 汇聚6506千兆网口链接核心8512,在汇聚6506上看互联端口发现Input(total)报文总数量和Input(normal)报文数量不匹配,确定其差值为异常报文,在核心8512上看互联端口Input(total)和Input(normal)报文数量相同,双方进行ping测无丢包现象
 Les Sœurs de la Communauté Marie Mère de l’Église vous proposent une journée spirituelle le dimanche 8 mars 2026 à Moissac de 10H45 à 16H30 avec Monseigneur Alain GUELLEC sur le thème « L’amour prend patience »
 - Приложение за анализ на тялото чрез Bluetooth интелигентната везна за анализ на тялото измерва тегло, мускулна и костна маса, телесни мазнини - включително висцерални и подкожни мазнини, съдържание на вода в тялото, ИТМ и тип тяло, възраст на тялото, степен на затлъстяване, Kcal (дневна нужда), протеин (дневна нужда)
...
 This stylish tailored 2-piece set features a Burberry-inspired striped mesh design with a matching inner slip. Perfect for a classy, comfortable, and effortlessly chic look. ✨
---
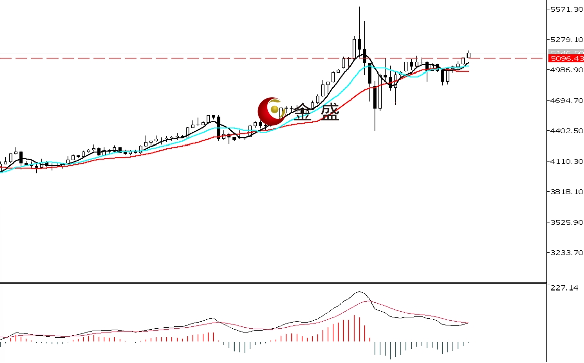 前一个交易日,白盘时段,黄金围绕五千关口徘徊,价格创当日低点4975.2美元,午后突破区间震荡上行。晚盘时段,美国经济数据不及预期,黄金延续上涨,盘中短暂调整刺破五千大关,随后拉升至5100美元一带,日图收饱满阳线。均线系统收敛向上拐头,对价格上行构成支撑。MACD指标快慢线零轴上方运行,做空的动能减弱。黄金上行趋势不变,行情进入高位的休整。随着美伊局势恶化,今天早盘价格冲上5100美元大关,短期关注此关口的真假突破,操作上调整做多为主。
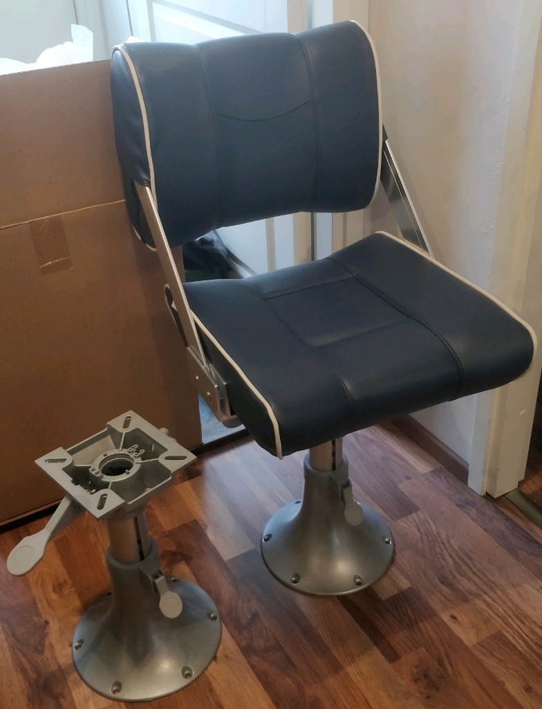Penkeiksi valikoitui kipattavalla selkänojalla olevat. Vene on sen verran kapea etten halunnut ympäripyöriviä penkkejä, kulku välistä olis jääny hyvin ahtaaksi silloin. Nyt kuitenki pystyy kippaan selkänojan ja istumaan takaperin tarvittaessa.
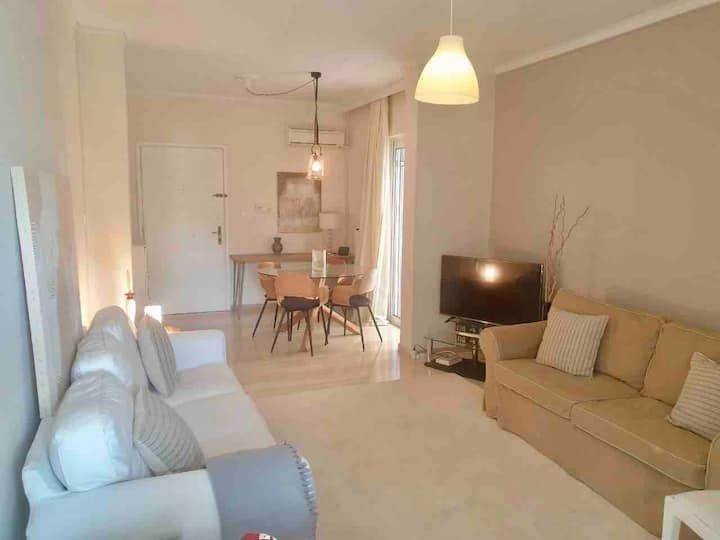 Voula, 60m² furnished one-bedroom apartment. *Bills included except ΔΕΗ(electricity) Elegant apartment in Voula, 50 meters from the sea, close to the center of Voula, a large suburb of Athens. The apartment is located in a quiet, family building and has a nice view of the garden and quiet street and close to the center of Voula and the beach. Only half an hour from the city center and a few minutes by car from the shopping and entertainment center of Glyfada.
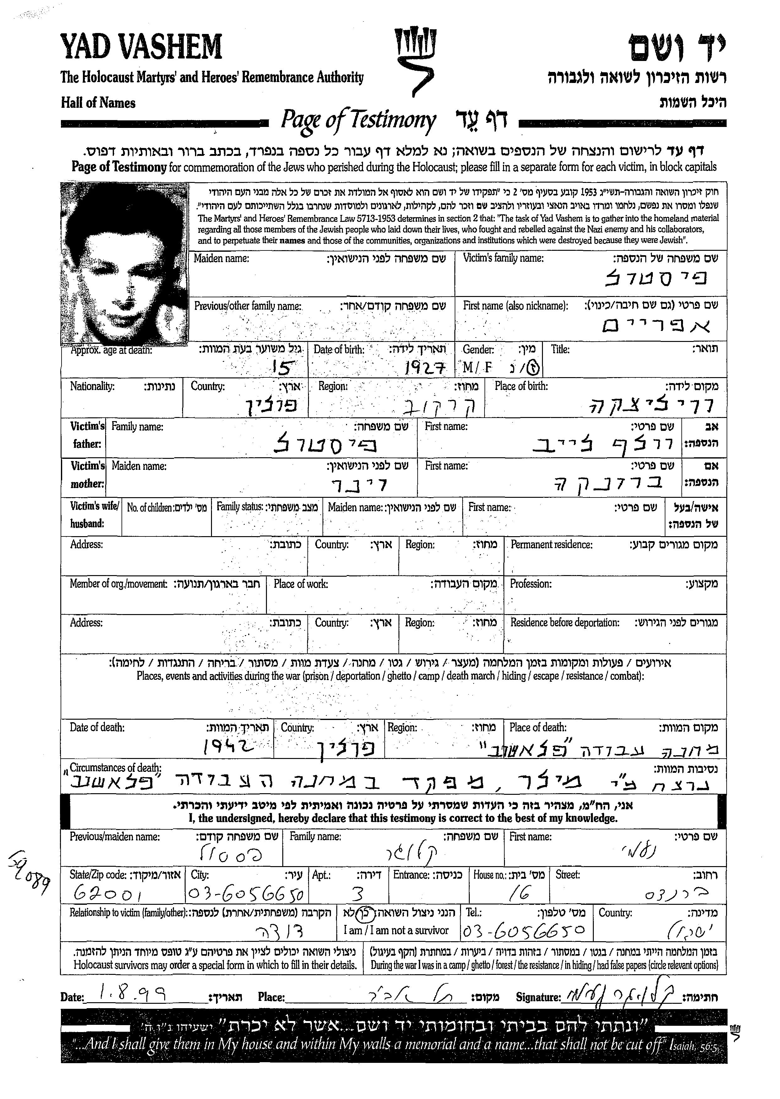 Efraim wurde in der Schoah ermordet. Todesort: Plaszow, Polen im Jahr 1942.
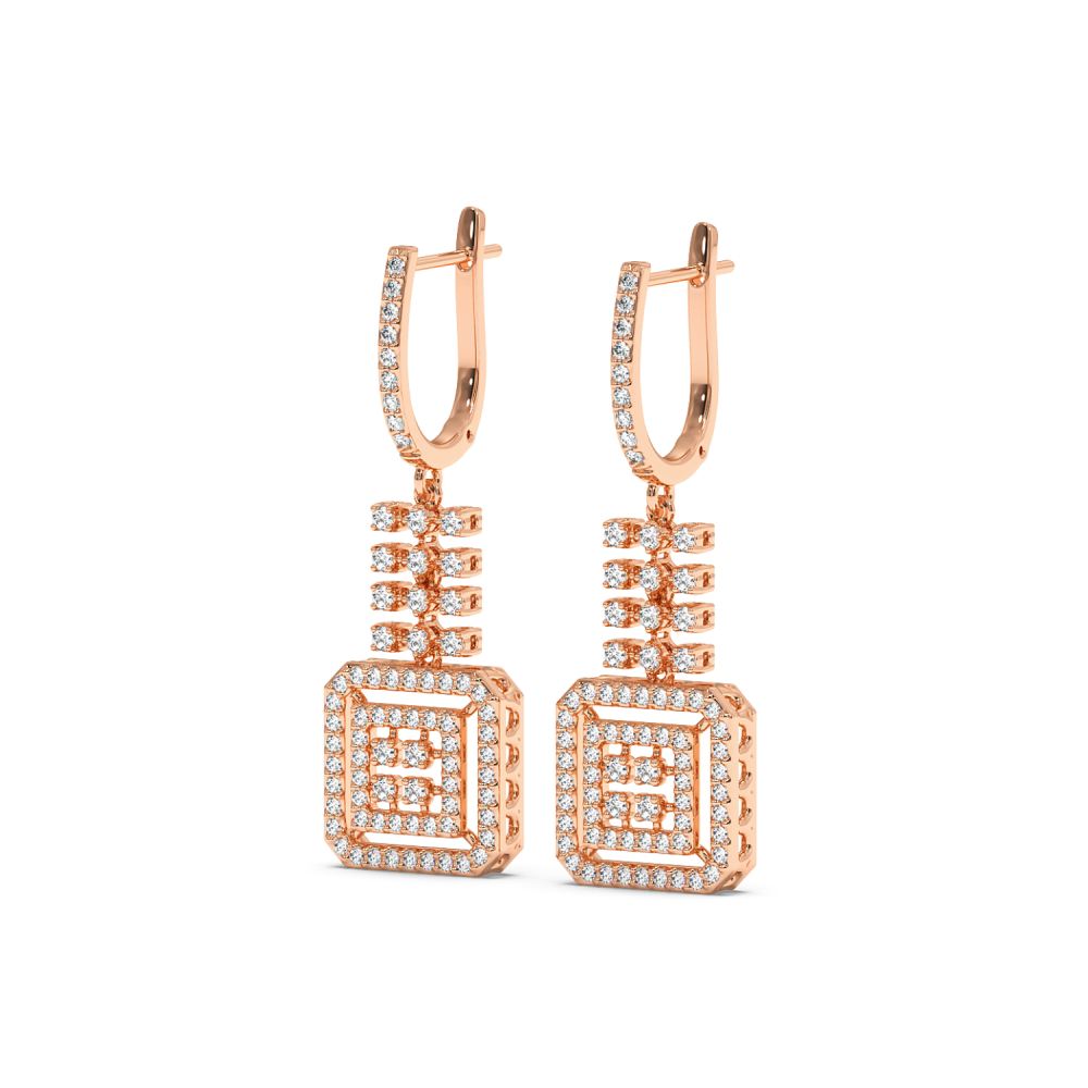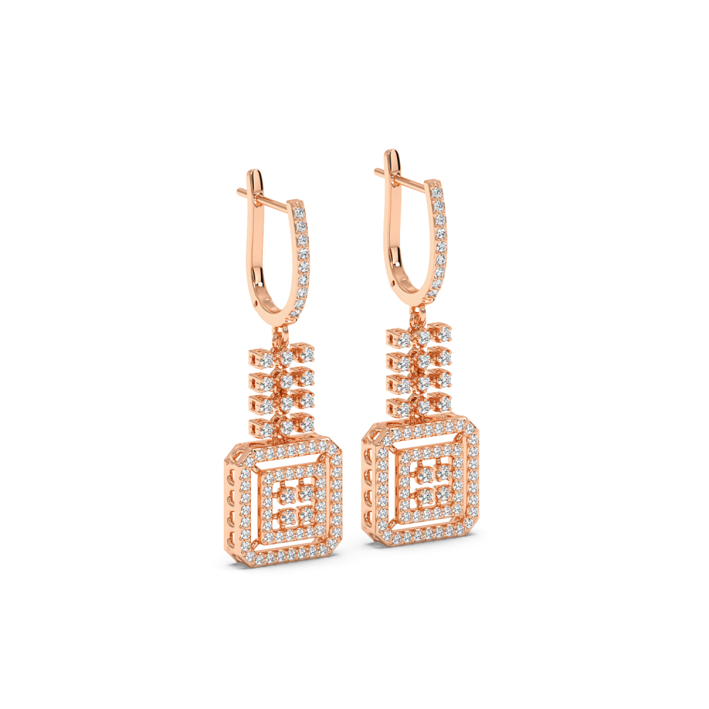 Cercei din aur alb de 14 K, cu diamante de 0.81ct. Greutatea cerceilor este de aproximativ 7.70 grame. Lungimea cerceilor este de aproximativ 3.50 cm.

■ Problem
Start with the line above that contains "汇聚6506千兆网口链接核心" and end with the line that contains "Les Sœurs de". Write out those lines exactly, and only those.

■ Result of the task
 汇聚6506千兆网口链接核心8512,在汇聚6506上看互联端口发现Input(total)报文总数量和Input(normal)报文数量不匹配,确定其差值为异常报文,在核心8512上看互联端口Input(total)和Input(normal)报文数量相同,双方进行ping测无丢包现象
 Les Sœurs de la Communauté Marie Mère de l’Église vous proposent une journée spirituelle le dimanche 8 mars 2026 à Moissac de 10H45 à 16H30 avec Monseigneur Alain GUELLEC sur le thème « L’amour prend patience »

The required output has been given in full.